在薄荷味棒棒糖进入口腔的那瞬间,灰原哀的脑子里面也在疯狂的质问着自己是疯了吗?竟然在看到那双真挚的眼睛时就真的接过了棒棒糖,明明他也有可能是组织成员的,她……
好像没那么害怕了?
这才发现她的情绪稳定许多的灰原哀很错愕,她的身体不抖了。
看到她的情况转好,蓝波把剩下的两根棒棒糖也一并的递过去:“都给你吧。”
虽然没有洁癖,但确实不太想把进了嘴里面的棒棒糖再保存下来的灰原哀想要研究棒棒糖的成分,她有些犹豫。
看出她犹豫原因的蓝波道:“我已经不再需要它了。”
不再需要?也就是说让他已经克服了害怕?还是说……让他感到害怕的东西已经不存在了?
但无论是哪种都足够让江户川柯南对他警惕。
他的求救信号已经发出了,现在要做的就是拖延到人赶来这里!
明确自己现在要做的是什么的江户川柯南捂着肚子突然地叫起来。
“柯南,你怎么了?”听到他叫喊声的毛利兰立刻问。
“小兰姐姐,我肚子疼,想要去洗手间。”
不等毛利兰回答,他就一溜烟的奔着店内的洗手间方向跑过去。
在洗手间的门口摆放着很大的绿植,绿植的后面摆放着一排的桌椅,他只要从这里挡住身形,谁也不知道他有没有真的进去。

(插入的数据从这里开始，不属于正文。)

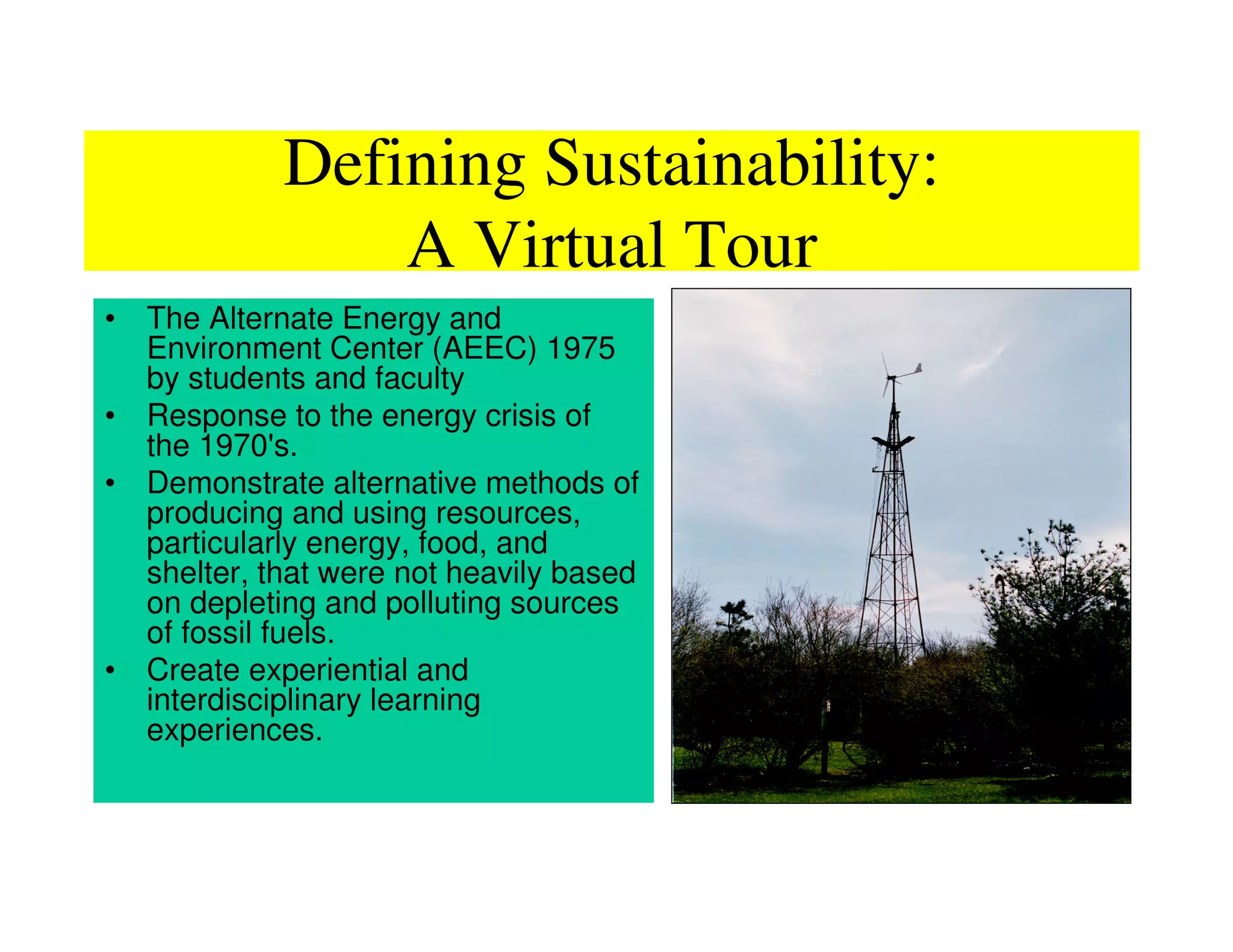 The document outlines the AEEC's educational initiatives focused on sustainability, promoting alternative energy, food production, and resource conservation in response to the 1970s energy crisis. It emphasizes experiential learning, community involvement, and the integration of ecological principles for long-term environmental health. Key topics include passive solar design, waste management, and the importance of collective action in achieving sustainability.

灵巧矫健的江户川柯南很快地就在桌子地下面来到了售卖冰淇淋的柜台那里。
报案人仍在不忿的说着他没有作案可能,躲在桌子底下的江户川柯南找准角度的对着毛利小五郎的脖颈那里射出麻醉针。
目暮警官也觉着毛利老弟的推理漏洞百出,正在头疼不知道该怎么办的时候就看到他摇摇晃晃的后退着。

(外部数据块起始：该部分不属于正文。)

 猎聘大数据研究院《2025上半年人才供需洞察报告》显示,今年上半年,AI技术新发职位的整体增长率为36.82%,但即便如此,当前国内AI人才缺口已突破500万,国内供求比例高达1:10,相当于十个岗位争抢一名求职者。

“来了!真正的毛利老弟的推理开始了。”目暮警官脸上总算有了笑容。
虽然已经看过无数次,但每次都会震撼的高木涉还是准备把这次毛利先生推理的内容全部记在笔记上。
“反正我没做过的事我是绝对不可能承认的!而且我也有人能证明在老板被杀的时候不在场证明啊!”
沉睡的毛利小五郎声音跟清醒时的轻浮不同,这会儿声音低沉的他让人听着就很可靠:“你的手上是蛋白粉的脂料吧?”
不知道他为什么会突然说这个的报案人:“我在蛋糕店工作,手上有这东西有什么稀奇的?”
“既然是从事蛋糕行业的你,为什么又能准确的知道老板被害的时间?明日香小姐可没有说出他的具体死亡时间,还是你准备说自己也是跟明日香小姐他们乘坐的一架飞机?”
他的话让报案人的身体都僵住了。
全程都在记录笔记的高木涉立刻把页面往回翻,对着目暮警官点头:“刚才明日香小姐确实没有说出具体的死亡时间。”